The supplement intends to set guidelines to enable Dungeon Masters to incorporate mythologies of various real-world cultures and other sources into their own campaigns.

==Publication history==
Gods, Demi-Gods & Heroes was written by Robert Kuntz and James Ward, and published by TSR in 1976 as a seventy two page digest sized book; it was the fourth supplement to the original D&D rules. The booklet was edited by Tim Kask, and published by TSR, Inc. in 1976 for the original edition of D&D, and bears the designation "Supplement IV", following the first three supplements, Greyhawk, Blackmoor, and Eldritch Wizardry. In later editions of the game, the Deities & Demigods sourcebook superseded this volume, building upon the gameplay structures first introduced in Gods, Demi-gods, and Heroes.

The Gods, Demi-Gods & Heroes supplement was reproduced as a premium reprint on November 19, 2013, as part of a deluxe reprint of the original version of the "White Box" and other early supplements for the game, which features new packaging in an oaken box. Each of the seven booklets in the box comes with new cover art but is otherwise presented as a faithful reproduction of the original product, with its original interior art. The reproduction of "Gods, Demi-Gods & Heroes" omitted sections on Robert E. Howard's Hyborea and the Melnibonéan Mythos from Michael Moorcock's Elric novels, which in the original publication had drawn fire from Moorcock and the Howard estate for unauthorized copyright violations.

==Reception==
Glen Taylor reviewed Gods, Demi-Gods and Heroes in The Space Gamer No. 9. He states that as "the fourth and purportedly last supplement to Dungeons and Dragons" it "might be expected from such a 'last bow,' as it were, this newest supplement is different from all three of the previous ones, in a major way. [...] This is by no means 'standard' D&D material." He commented that "I'm no scholar of ancient (and modern!) legends, but it seems to me the authors have given a view of the various mythological concepts which is both panoramic and scrutinously details, and as complete as possible within the space limitations imposed [...] Kuntz and Ward have taken material which has come down to us in a sometimes distorted and almost always nebulous form, and clarified it into a solid material which would fit in well with any fantasy game." Taylor concludes his review by saying that Gods, Demi-Gods and Heroes is worth the price "for the mere pleasure of reading it. For students of ancient legends it's a Type I treasure. It should much lived up any D&D campaign in which it is used".
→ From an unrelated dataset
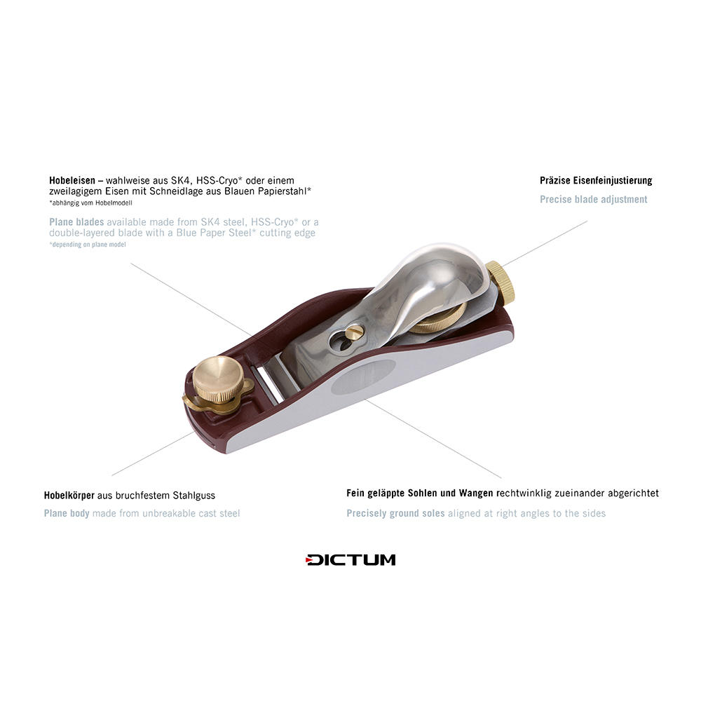 DICTUM® Hobelset aus Einhandhobel, 12° und Schlichthobel Nr. 4½, SK4-Eisen
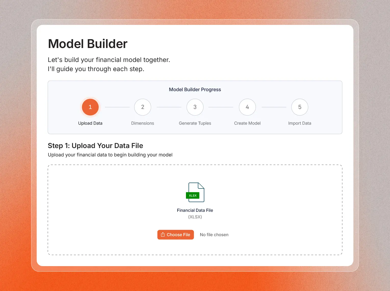 Turns raw files into a live, structured financial model, detecting dimensions, hierarchies, and loading data in minutes.

In his 1991 book Heroic Worlds, Lawrence Schick calls this book "the least important supplement to Original D&D".

David M. Ewalt, in his book Of Dice and Men, commented that "Even though Swords and Spells is numbered 'Supplement V' on its cover, it's really supplement IV that puts the final touches on Dungeons & Dragons. Gods, Demi-Gods & Heroes (co-authored by TSR's Rob Kuntz and James M. Ward, a gamer and junior high teacher from Prairie du Chien, Wisconsin) introduces mythology to the game and describes deities in the same manner earlier supplements described men and monsters." Ewalt continues: "At its heart, Gods, Demi-Gods & Heroes represents another attempt to exert control over D&D players. Kask's foreword drips with disdain for Dungeon Masters who allow their players to advance to high levels and explains that the supplement aims to correct their misguided actions".